● EXERCISE GOAL: Exactly the lines below, starting with the one containing "根据The Athletic" and going on through the one containing "This Stone Island", must be reproduced, both ends included, and no pictures with them.
[[ EXCERPTED DATA open ]]
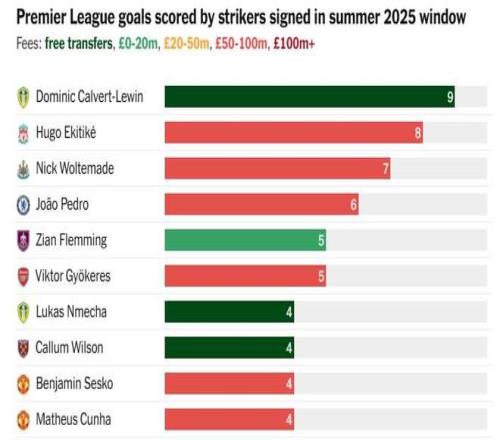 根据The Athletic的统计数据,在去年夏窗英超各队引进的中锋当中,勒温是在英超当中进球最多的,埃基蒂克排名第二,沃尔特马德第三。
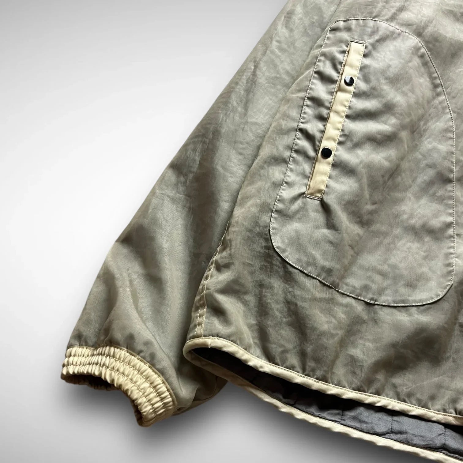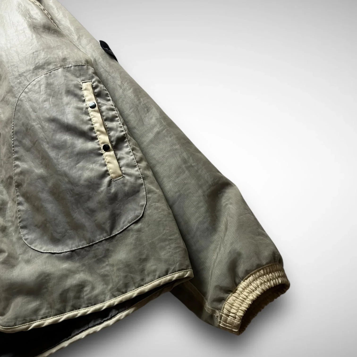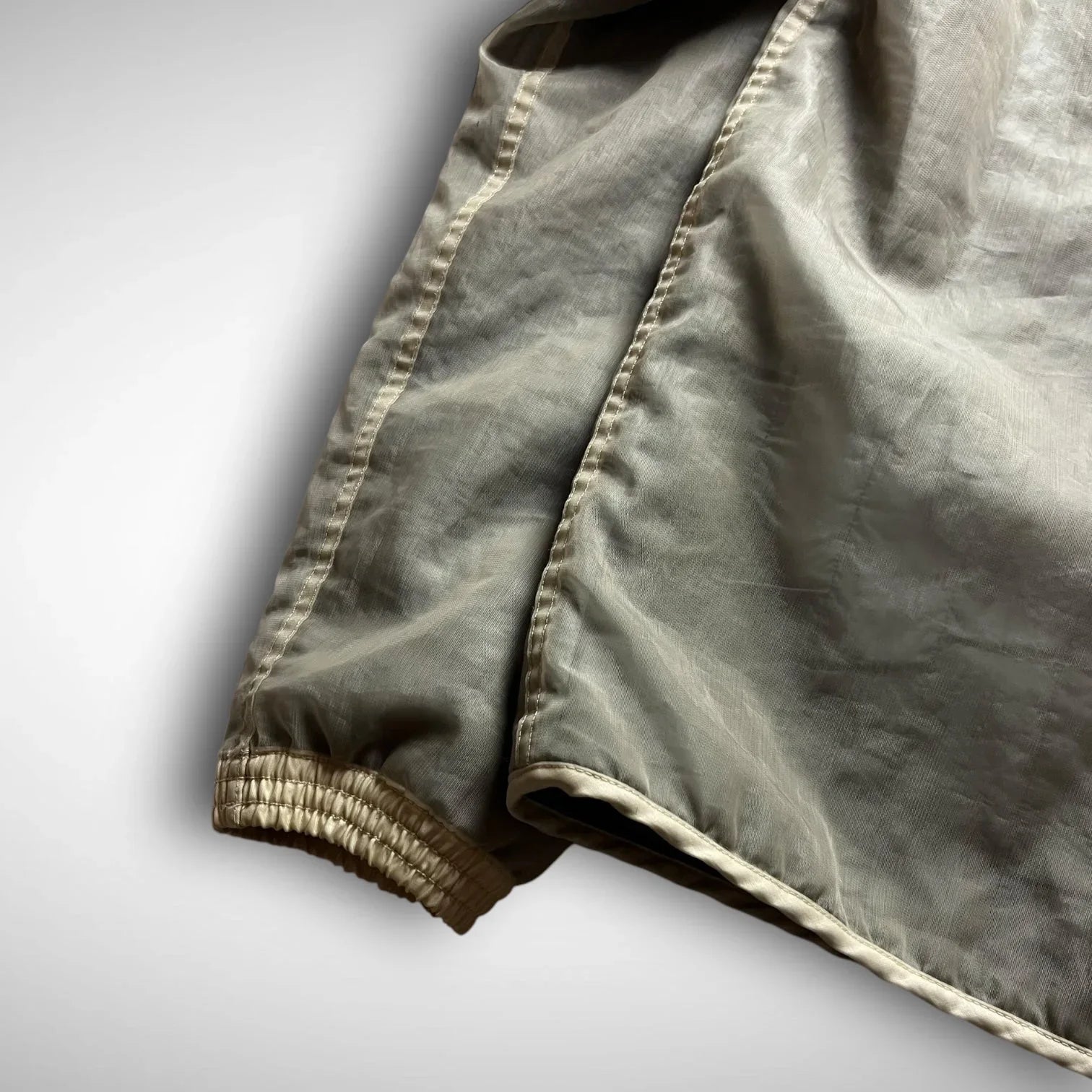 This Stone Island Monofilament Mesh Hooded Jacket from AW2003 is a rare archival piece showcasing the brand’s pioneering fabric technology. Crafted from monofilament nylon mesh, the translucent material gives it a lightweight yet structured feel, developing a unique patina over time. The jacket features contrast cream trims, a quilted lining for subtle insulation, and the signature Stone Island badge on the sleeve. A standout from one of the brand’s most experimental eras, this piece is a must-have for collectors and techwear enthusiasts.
[[ EXCERPTED DATA closed ]]
[[ EXCERPTED DATA open ]]
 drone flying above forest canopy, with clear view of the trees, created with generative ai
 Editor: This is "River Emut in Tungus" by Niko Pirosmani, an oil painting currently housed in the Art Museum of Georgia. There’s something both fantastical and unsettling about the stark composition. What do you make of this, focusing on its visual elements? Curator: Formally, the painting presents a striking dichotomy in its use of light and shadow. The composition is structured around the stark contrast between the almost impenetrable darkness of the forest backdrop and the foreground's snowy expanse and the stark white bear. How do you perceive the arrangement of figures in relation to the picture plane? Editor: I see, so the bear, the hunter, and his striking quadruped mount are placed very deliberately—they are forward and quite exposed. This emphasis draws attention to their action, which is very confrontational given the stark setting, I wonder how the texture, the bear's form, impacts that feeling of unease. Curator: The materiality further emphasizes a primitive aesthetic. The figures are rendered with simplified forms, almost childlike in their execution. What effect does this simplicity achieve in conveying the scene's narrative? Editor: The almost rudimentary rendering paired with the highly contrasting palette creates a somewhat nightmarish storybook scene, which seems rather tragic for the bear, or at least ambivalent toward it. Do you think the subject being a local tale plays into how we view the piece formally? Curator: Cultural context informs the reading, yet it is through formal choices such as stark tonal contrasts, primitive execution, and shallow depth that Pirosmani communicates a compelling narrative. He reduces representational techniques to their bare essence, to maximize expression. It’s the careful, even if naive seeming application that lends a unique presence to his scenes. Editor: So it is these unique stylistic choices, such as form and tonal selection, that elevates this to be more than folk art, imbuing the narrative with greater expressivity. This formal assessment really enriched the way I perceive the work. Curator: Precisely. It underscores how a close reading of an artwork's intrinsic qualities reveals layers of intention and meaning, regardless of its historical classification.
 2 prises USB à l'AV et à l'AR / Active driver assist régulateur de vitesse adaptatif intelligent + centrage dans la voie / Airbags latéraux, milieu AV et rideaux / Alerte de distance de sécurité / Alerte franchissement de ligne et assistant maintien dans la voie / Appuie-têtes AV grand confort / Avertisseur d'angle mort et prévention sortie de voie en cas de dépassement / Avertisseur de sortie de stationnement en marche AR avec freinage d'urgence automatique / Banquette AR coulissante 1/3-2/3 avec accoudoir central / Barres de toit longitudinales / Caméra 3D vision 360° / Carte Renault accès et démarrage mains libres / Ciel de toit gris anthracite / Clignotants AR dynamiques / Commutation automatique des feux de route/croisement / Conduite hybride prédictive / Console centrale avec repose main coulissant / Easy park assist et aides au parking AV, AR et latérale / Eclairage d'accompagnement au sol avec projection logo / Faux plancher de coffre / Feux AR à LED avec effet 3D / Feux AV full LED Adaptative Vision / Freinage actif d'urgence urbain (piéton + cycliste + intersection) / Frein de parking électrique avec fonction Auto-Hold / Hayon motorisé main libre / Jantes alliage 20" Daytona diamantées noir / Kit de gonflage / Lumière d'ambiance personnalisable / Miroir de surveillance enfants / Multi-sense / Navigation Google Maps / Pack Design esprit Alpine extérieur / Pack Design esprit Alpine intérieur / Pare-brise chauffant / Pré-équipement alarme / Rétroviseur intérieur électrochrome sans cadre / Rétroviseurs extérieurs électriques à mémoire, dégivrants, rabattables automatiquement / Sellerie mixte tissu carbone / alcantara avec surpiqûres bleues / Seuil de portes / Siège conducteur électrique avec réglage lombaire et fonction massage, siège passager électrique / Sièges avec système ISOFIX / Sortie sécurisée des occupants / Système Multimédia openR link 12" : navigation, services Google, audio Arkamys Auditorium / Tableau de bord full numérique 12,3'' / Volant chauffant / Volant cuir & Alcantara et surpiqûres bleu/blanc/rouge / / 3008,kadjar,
[[ EXCERPTED DATA closed ]]
● EXERCISE RESULT:
 根据The Athletic的统计数据,在去年夏窗英超各队引进的中锋当中,勒温是在英超当中进球最多的,埃基蒂克排名第二,沃尔特马德第三。
 This Stone Island Monofilament Mesh Hooded Jacket from AW2003 is a rare archival piece showcasing the brand’s pioneering fabric technology. Crafted from monofilament nylon mesh, the translucent material gives it a lightweight yet structured feel, developing a unique patina over time. The jacket features contrast cream trims, a quilted lining for subtle insulation, and the signature Stone Island badge on the sleeve. A standout from one of the brand’s most experimental eras, this piece is a must-have for collectors and techwear enthusiasts.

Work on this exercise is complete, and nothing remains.